▶ _TASK DESCRIPTION_:
Your output should be everything below from the line containing "Uma fila de" down to the line containing "Kako navodi list, dok", both ends included, copied exactly, with pictures left out.

▶ _DATASET EXCERPTS_:
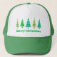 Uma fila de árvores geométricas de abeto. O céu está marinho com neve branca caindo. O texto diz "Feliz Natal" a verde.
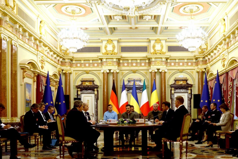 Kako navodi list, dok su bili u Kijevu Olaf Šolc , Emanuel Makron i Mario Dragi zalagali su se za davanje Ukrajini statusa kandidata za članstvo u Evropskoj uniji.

==

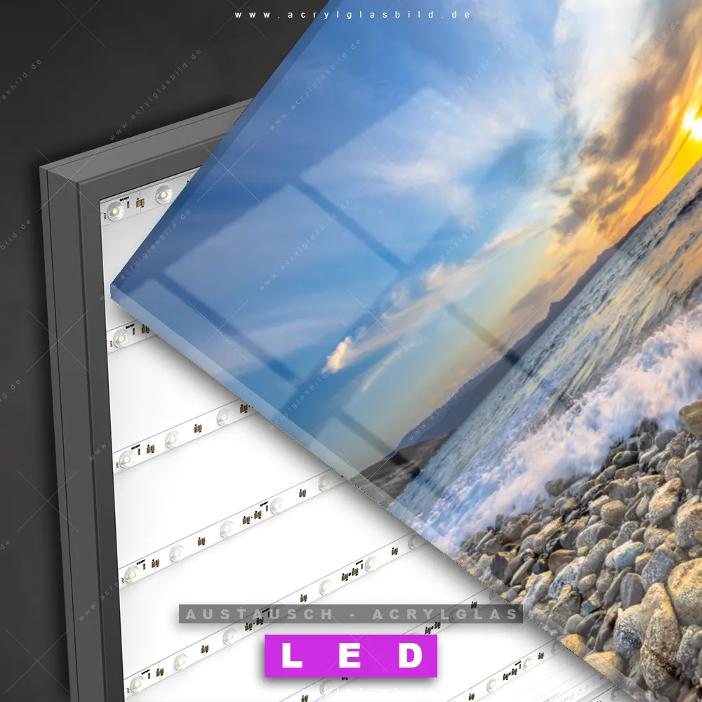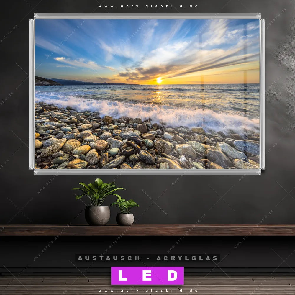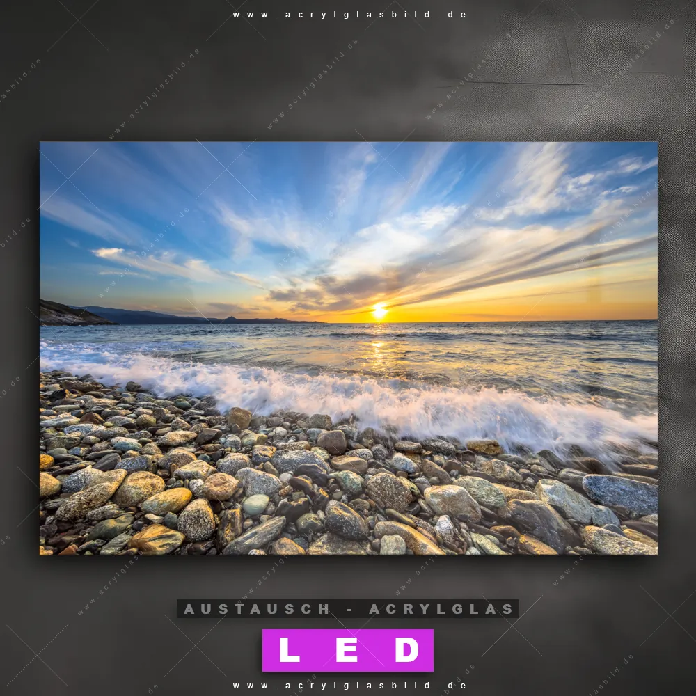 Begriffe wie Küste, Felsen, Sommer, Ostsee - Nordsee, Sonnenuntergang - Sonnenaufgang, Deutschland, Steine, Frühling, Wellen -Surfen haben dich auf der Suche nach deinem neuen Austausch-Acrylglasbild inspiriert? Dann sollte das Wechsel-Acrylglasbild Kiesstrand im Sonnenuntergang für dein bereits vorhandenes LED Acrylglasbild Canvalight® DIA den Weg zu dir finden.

▶ _RESULT_:
 Uma fila de árvores geométricas de abeto. O céu está marinho com neve branca caindo. O texto diz "Feliz Natal" a verde.
 Kako navodi list, dok su bili u Kijevu Olaf Šolc , Emanuel Makron i Mario Dragi zalagali su se za davanje Ukrajini statusa kandidata za članstvo u Evropskoj uniji.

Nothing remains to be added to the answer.